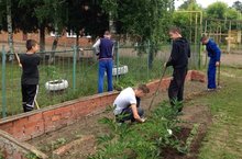 Ребята из лагеря труда и отдыха сегодня согласно своему плану продолжали облагораживать территорию пришкольного участка.
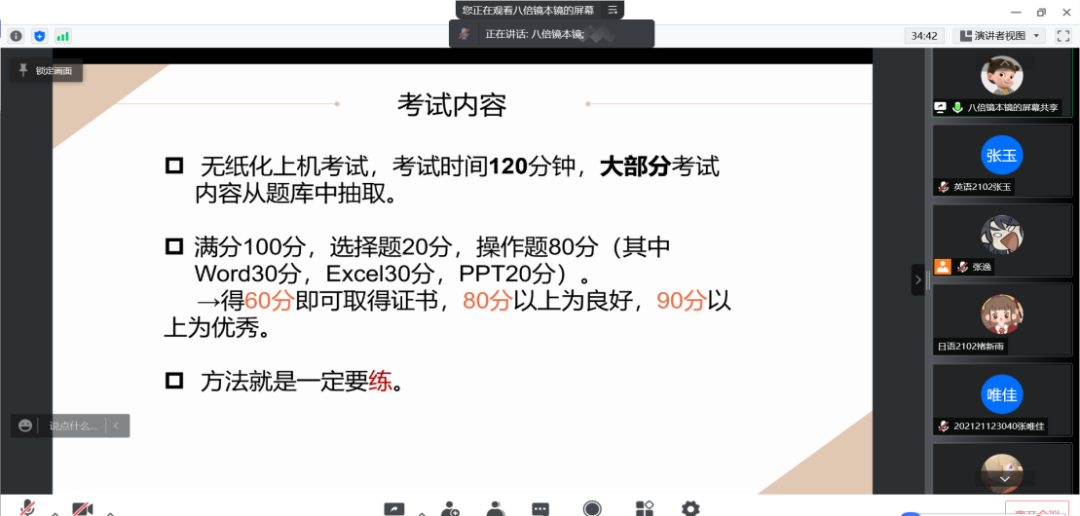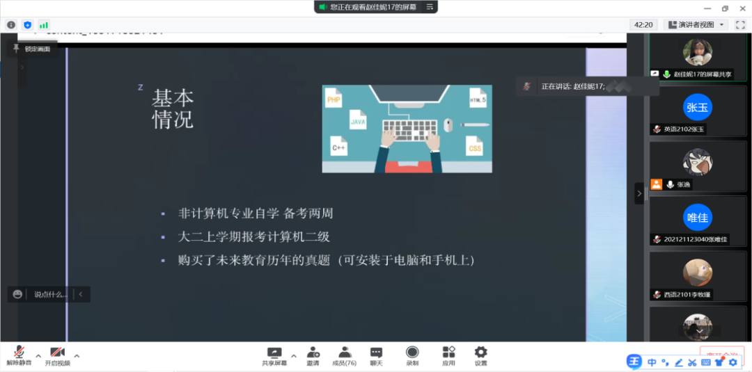接着,吴倩同学细致地讲解了全国计算机应试的注意点,对前面的分享进行了有益补充,分享了无纸化理论题,并强调了备考时练习的重要性。
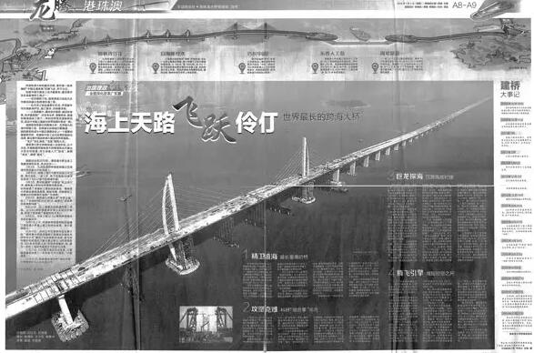 如何在版面上呈现这一世纪工程?极其考验报纸的采编团队。作品以跨版对角线的方式,以港珠澳大桥的航拍照片为底,将大桥的气势与细节展现在读者面前。再配上提前数周就准备好的大桥全景示意图,全方位立体地展示港珠澳的组成、工程进展、挑战难度及所代表的世界级高精尖的技术等。让读者既能享受视觉上的冲击美感,又对大桥的壮美有了全局的窥探,同时在对大桥
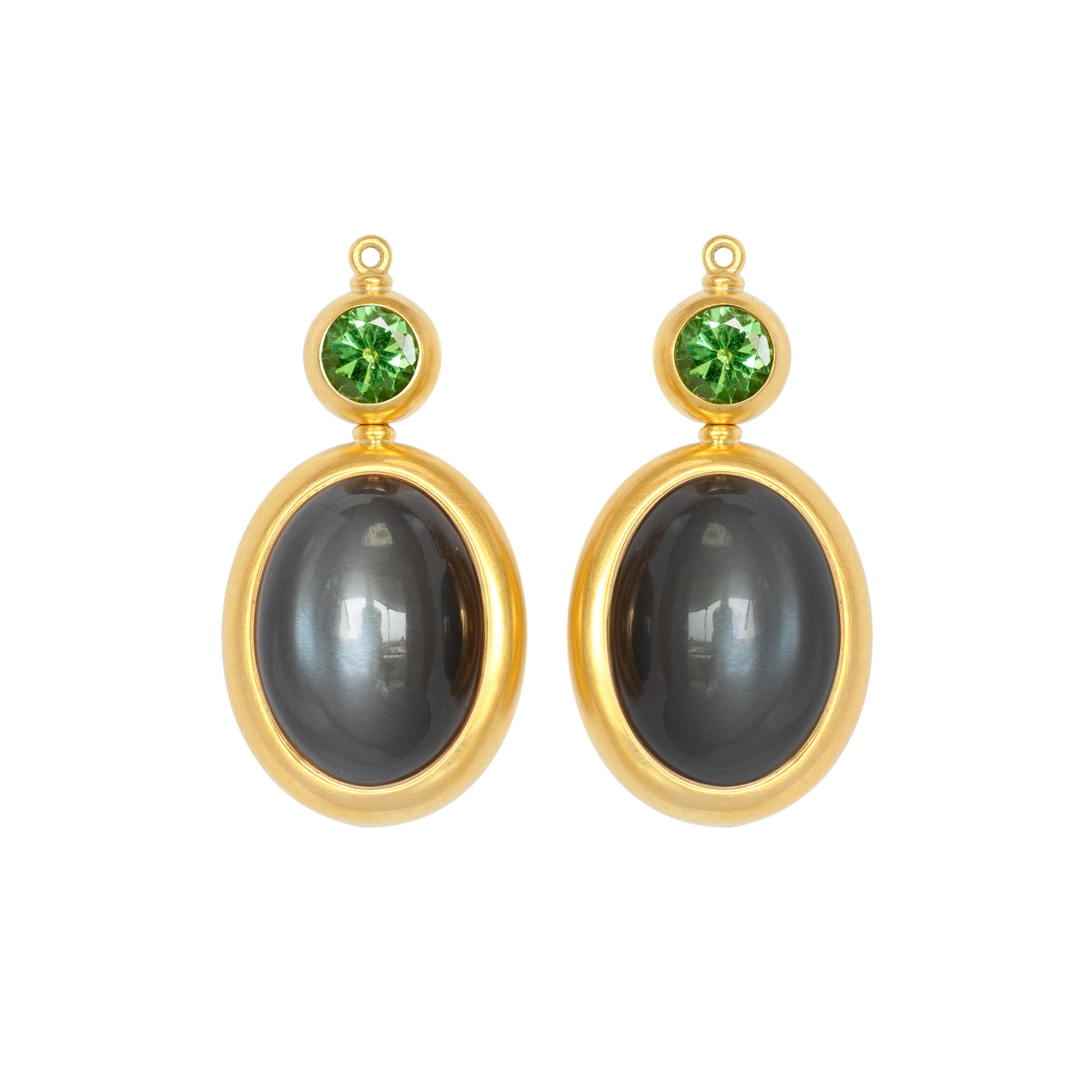 Steine: 2 Tsavorite 1,04 ct Ø 5,0 mm rund facettiert und graue Mondstein Cabochons 16 x 12 mm
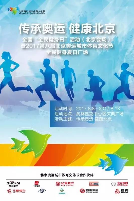 第八届北京奥运城市体育文化节即将于8月8日开幕,届时将为广大市民提供强身健体、分享快乐、感受激情、开拓视野的互动平台。该文化节是以纪念奥运会成功举办,弘扬奥运精神,开展国际交流,促进全民健身,丰富市民生活为主题的一个大型综合性城市体育文化活动。自2010年起,奥运城市体育文化节已成功举办七届!
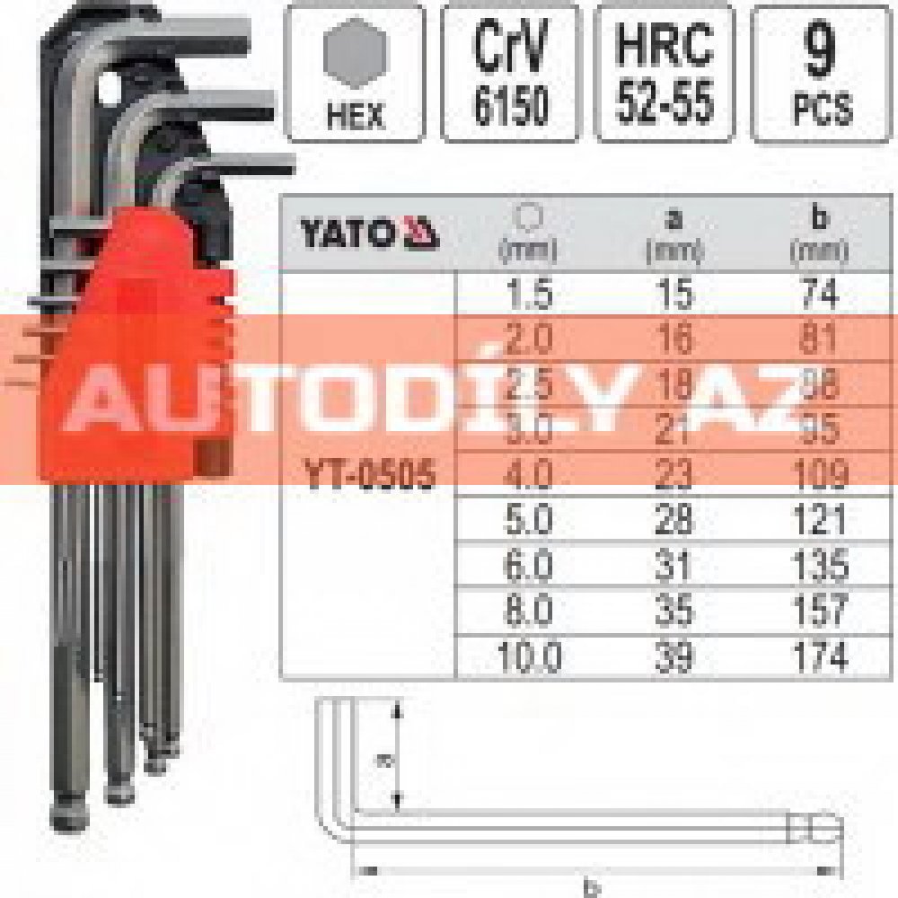Klíč - imbusový 1.5 - 10 mm CrV Yato YT-0505

—————

| DIRECTIONS |
Pictures are to be left out; all other data must be returned exactly.

| ANSWER SECTION |
 Ребята из лагеря труда и отдыха сегодня согласно своему плану продолжали облагораживать территорию пришкольного участка.
接着,吴倩同学细致地讲解了全国计算机应试的注意点,对前面的分享进行了有益补充,分享了无纸化理论题,并强调了备考时练习的重要性。
 如何在版面上呈现这一世纪工程?极其考验报纸的采编团队。作品以跨版对角线的方式,以港珠澳大桥的航拍照片为底,将大桥的气势与细节展现在读者面前。再配上提前数周就准备好的大桥全景示意图,全方位立体地展示港珠澳的组成、工程进展、挑战难度及所代表的世界级高精尖的技术等。让读者既能享受视觉上的冲击美感,又对大桥的壮美有了全局的窥探,同时在对大桥
 Steine: 2 Tsavorite 1,04 ct Ø 5,0 mm rund facettiert und graue Mondstein Cabochons 16 x 12 mm
 第八届北京奥运城市体育文化节即将于8月8日开幕,届时将为广大市民提供强身健体、分享快乐、感受激情、开拓视野的互动平台。该文化节是以纪念奥运会成功举办,弘扬奥运精神,开展国际交流,促进全民健身,丰富市民生活为主题的一个大型综合性城市体育文化活动。自2010年起,奥运城市体育文化节已成功举办七届!
Klíč - imbusový 1.5 - 10 mm CrV Yato YT-0505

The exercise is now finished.